By Buttons Padin
Larchmont Yacht Club in Larchmont, New York is the oldest yacht club on Long Island Sound, and one of the oldest in the country. Located in picturesque Larchmont Harbor towards the western end of the Sound, Larchmont’s historic Victorian clubhouse has been the home of yachting history, legendary sailors, and world-class regattas since the Club was first organized 138 years ago in 1880.
Organized in 1880, Larchmont Yacht Club is the oldest yacht club on Long Island Sound.
Over the century-plus of its operation, much has changed at LYC, yet as much has purposefully stayed the same.
In the beginning
From its humble beginnings, operating out of a waterside chapel in Larchmont’s Horseshoe Harbor, LYC’s mission has always been to provide excellent yacht racing accompanied by gracious and welcoming camaraderie between sailors. Initially, the Club’s major annual event was its July Fourth Regatta, which drew huge fleets of giant yachts of all description. Then in 1896, to replicate the success of the UK’s Cowes Week, Larchmont Race Week was introduced to offer an extended regatta for sailors from the East Coast and Europe.
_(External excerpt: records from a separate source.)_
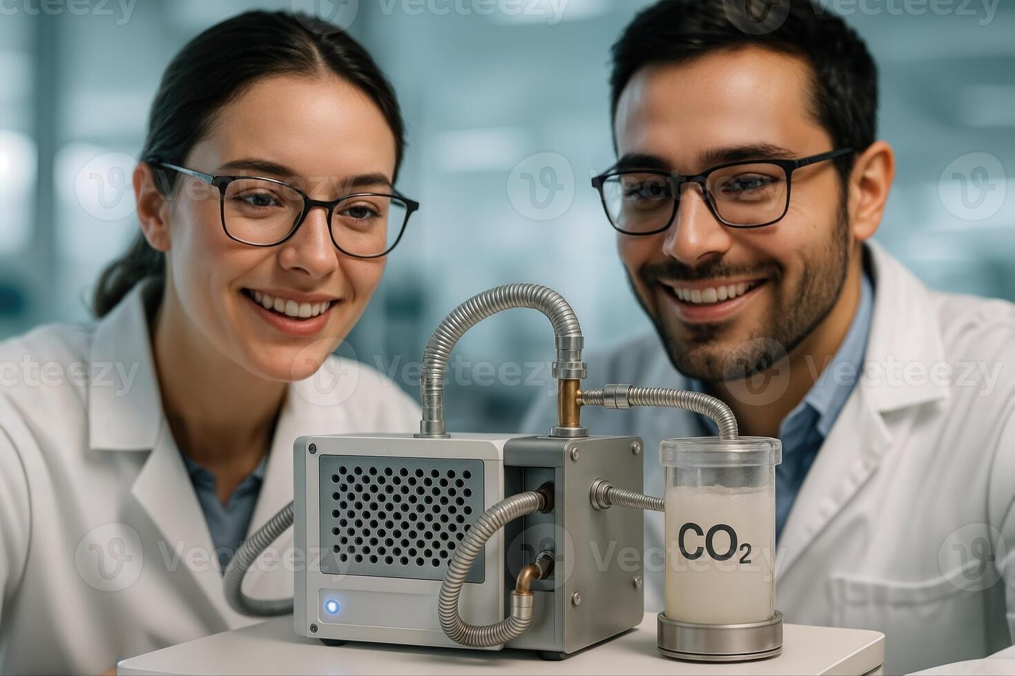 Innovative Carbon Capture Technology Demonstration in a Laboratory Setting with Two Scientists Observing a Device for CO2 Extraction Pro Photo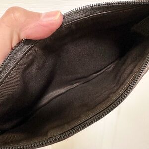 • Features: Zip-top closure, detachable wrist strap, silver-tone hardware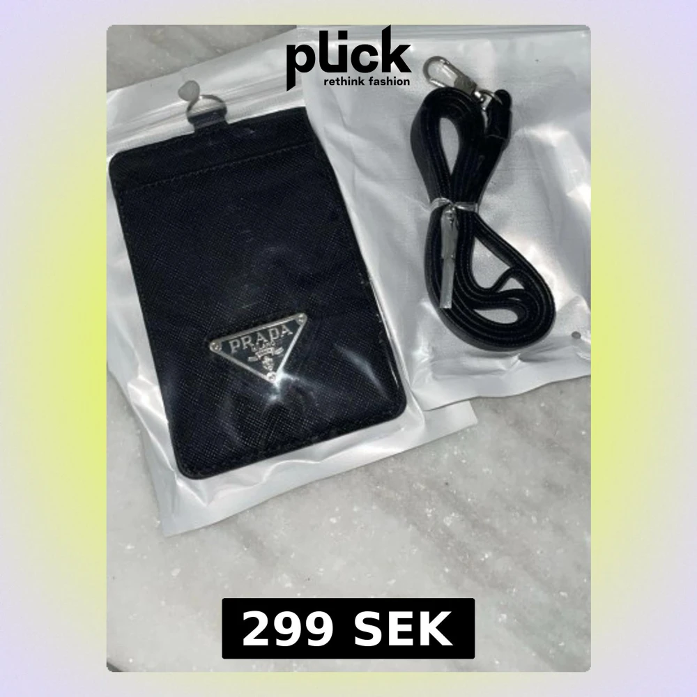 Säljer en stilren svart plånbok från P med klassisk trekantig metallogo framtill. Väskan är tillverkad i slitstarkt syntetmaterial och kommer med en matchande svart axelrem med metallspänne. Perfekt för att bära det viktigaste på ett snyggt sätt.
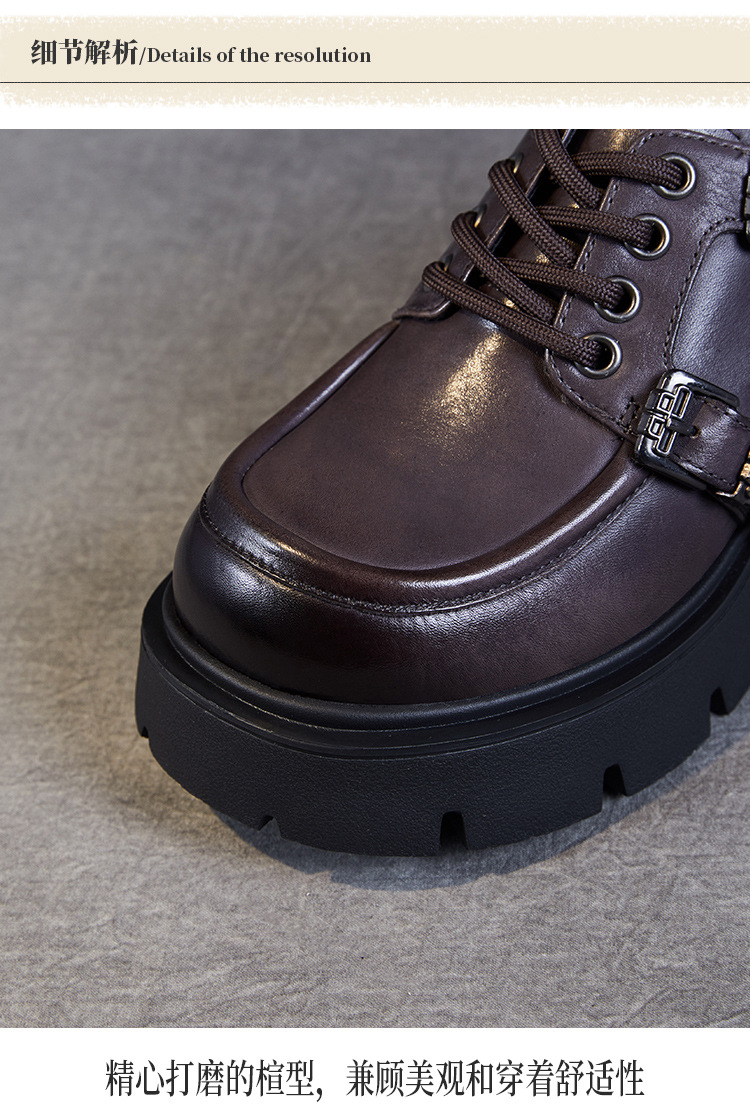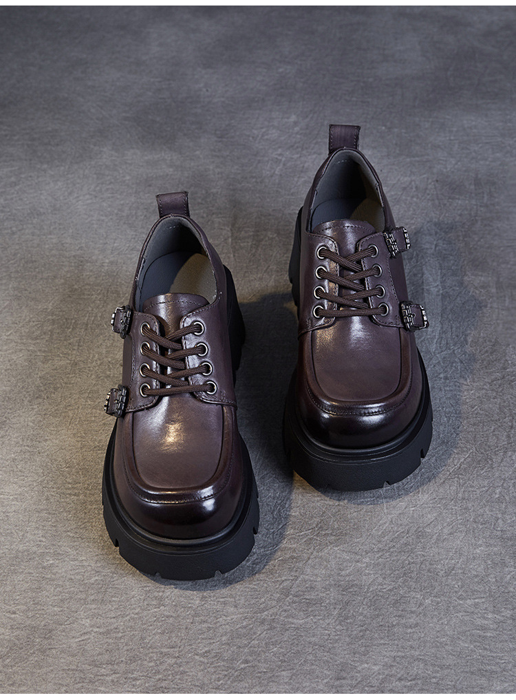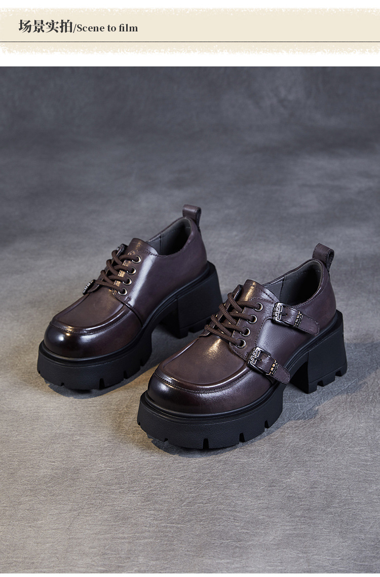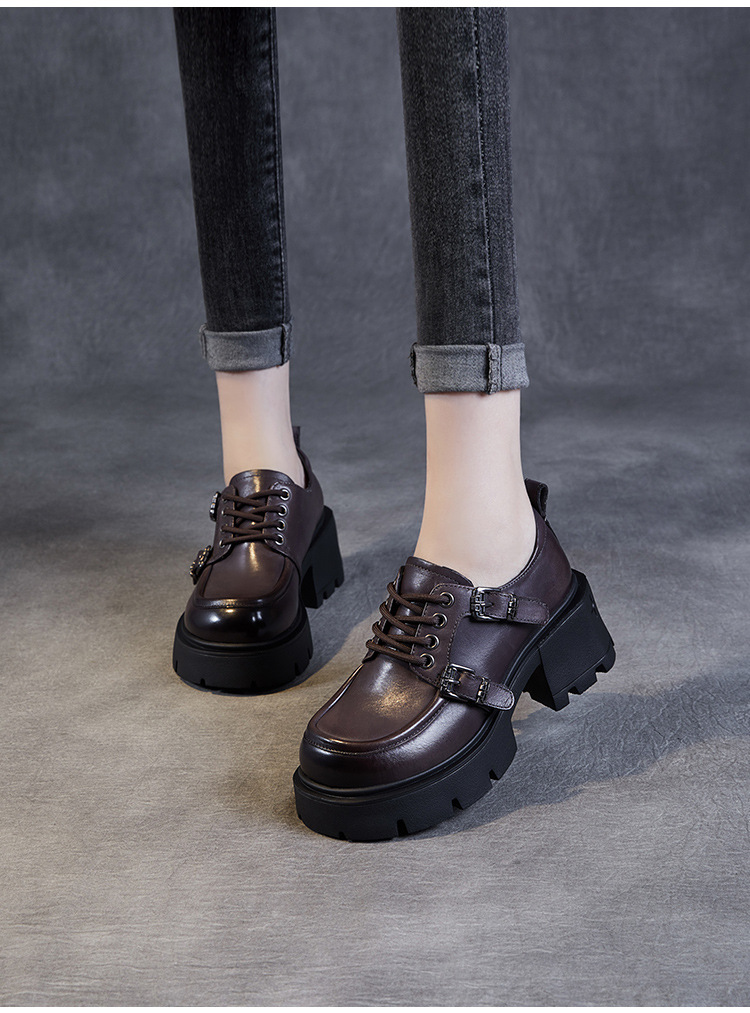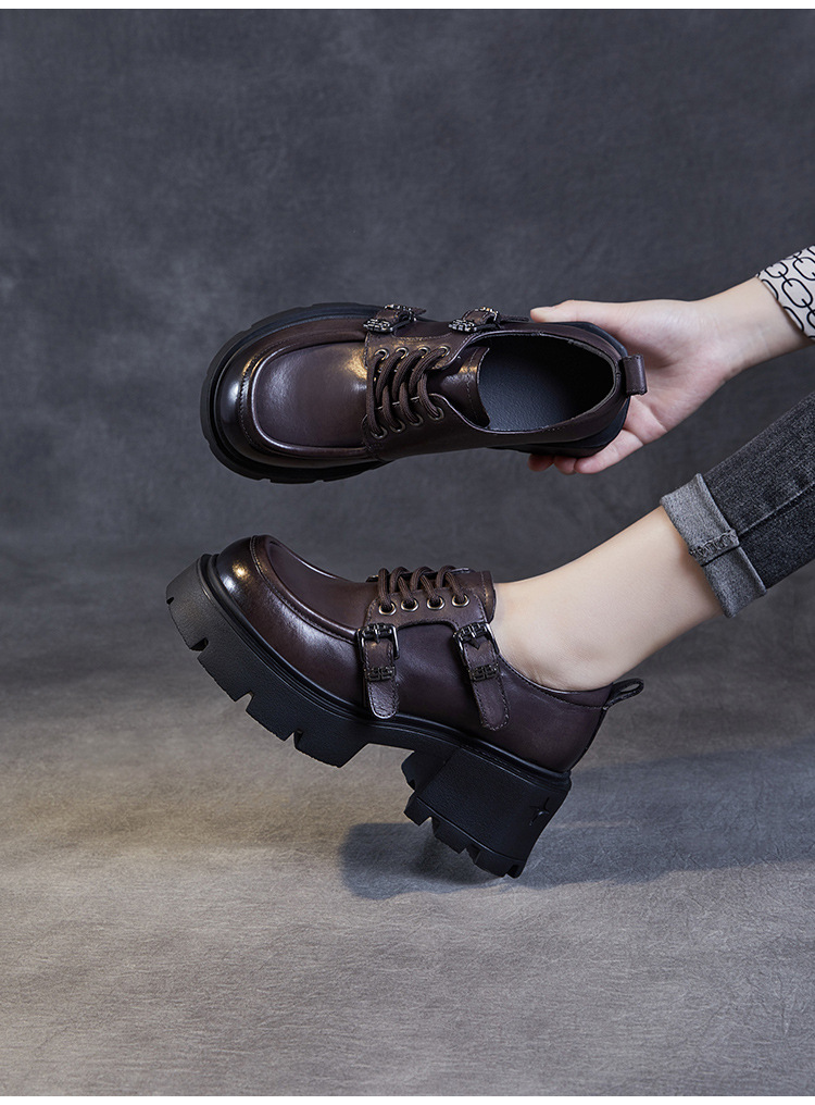2024 봄과 가을 새로운 리얼 벨트 버클 레이스 업 두꺼운 바닥 Chunky Heel Jk Loafers 여성용 하이힐 영국 가죽 신발 여성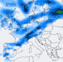 Qui la traccia delle precipitazioni sull’Europa previste proprio per la notte tra il 7 e l’8 aprile: transiterà questo fronte anche sull’Italia?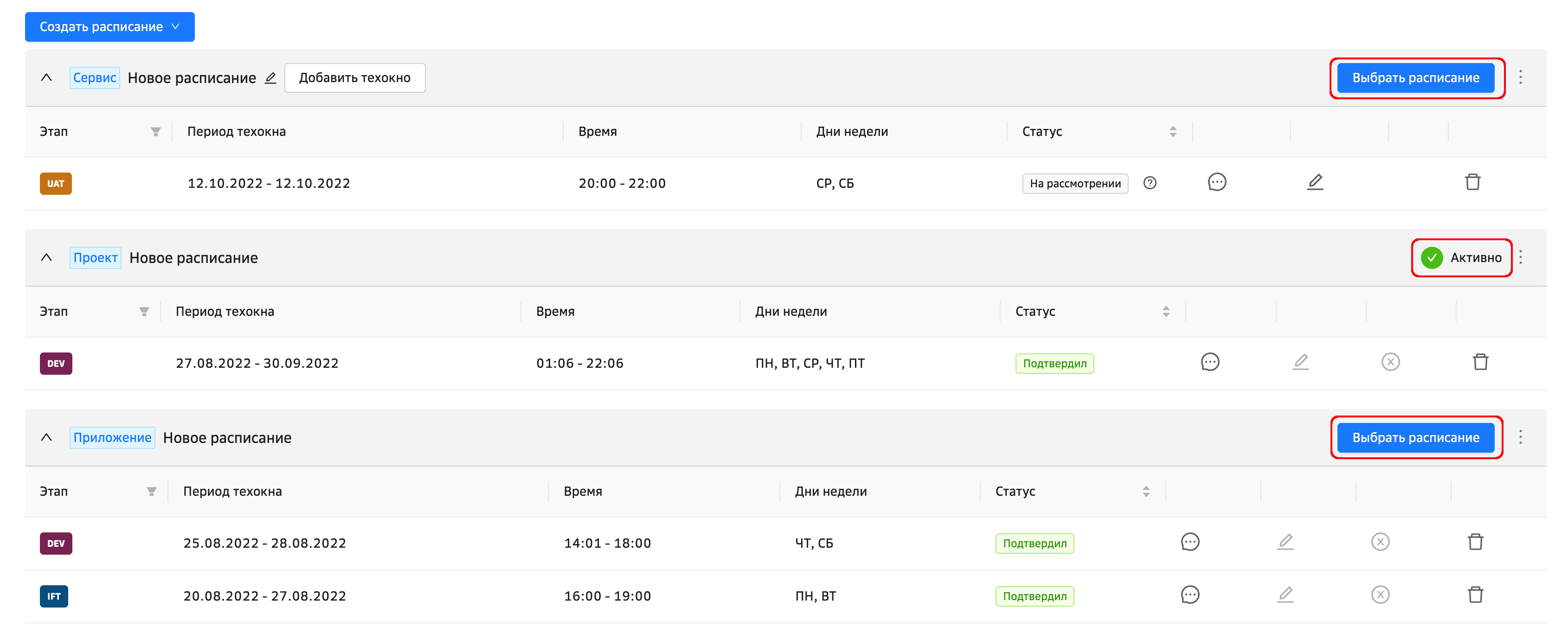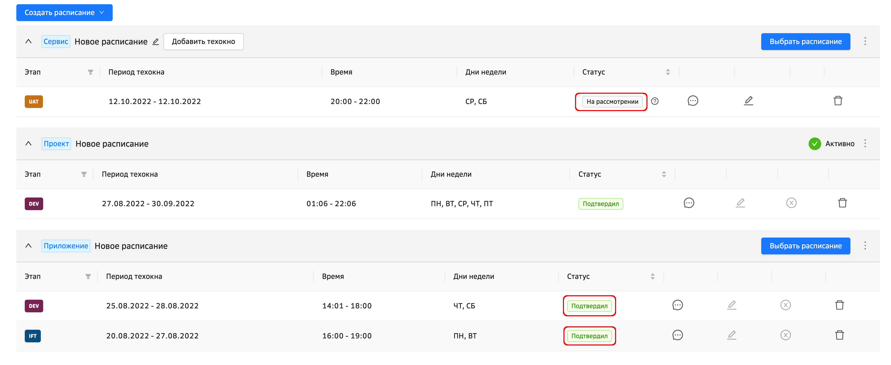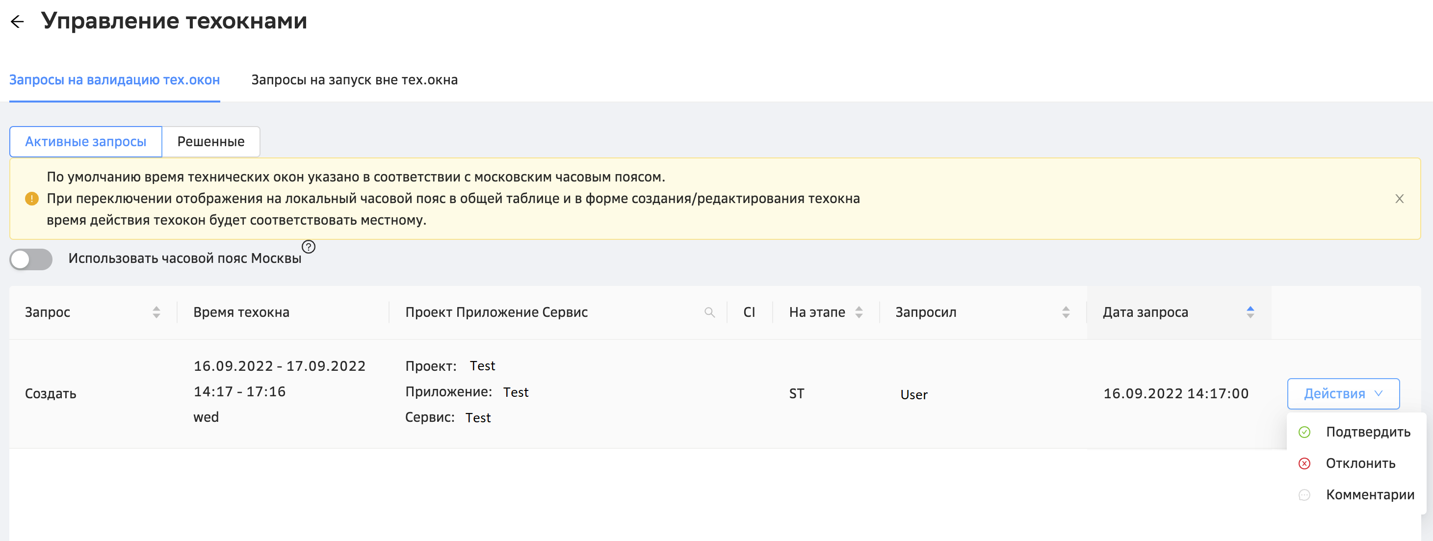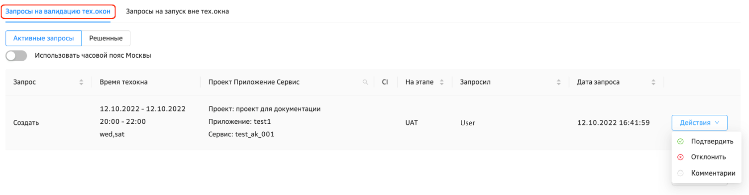 Вкладка позволяет посмотреть запросы на валидацию технологических окон и запросы на запуск вне технологического окна

Having missed only two years during World War II, Larchmont Race Week continues to be the major Long Island Sound regatta each year. To remain vital, Race Week has evolved to reflect the ever-changing yachting community to include one-design and racer/cruisers on the weekends, with Larchmont Junior Race Week on the weekdays, attracting over 500 young sailors from all around the East Coast.
Taking it all in
To fully appreciate Larchmont Yacht Club, one needs to stroll through its wood-paneled clubhouse, taking time to absorb the broad array of artwork and yachting memorabilia on display. Major oil paintings by Pansing, Chapman, and Halsall; fully rigged models of sail and steam yachts; and maritime artifacts ranging from brass signal cannons to the steam whistle from the USS Maine that sank in Havana Harbor.
Remember the Maine! The steam whistle of the U.S. Naval ship that exploded and sank in Havana Harbor on February 15, 1898 is one of many historical artifacts displayed at the Club.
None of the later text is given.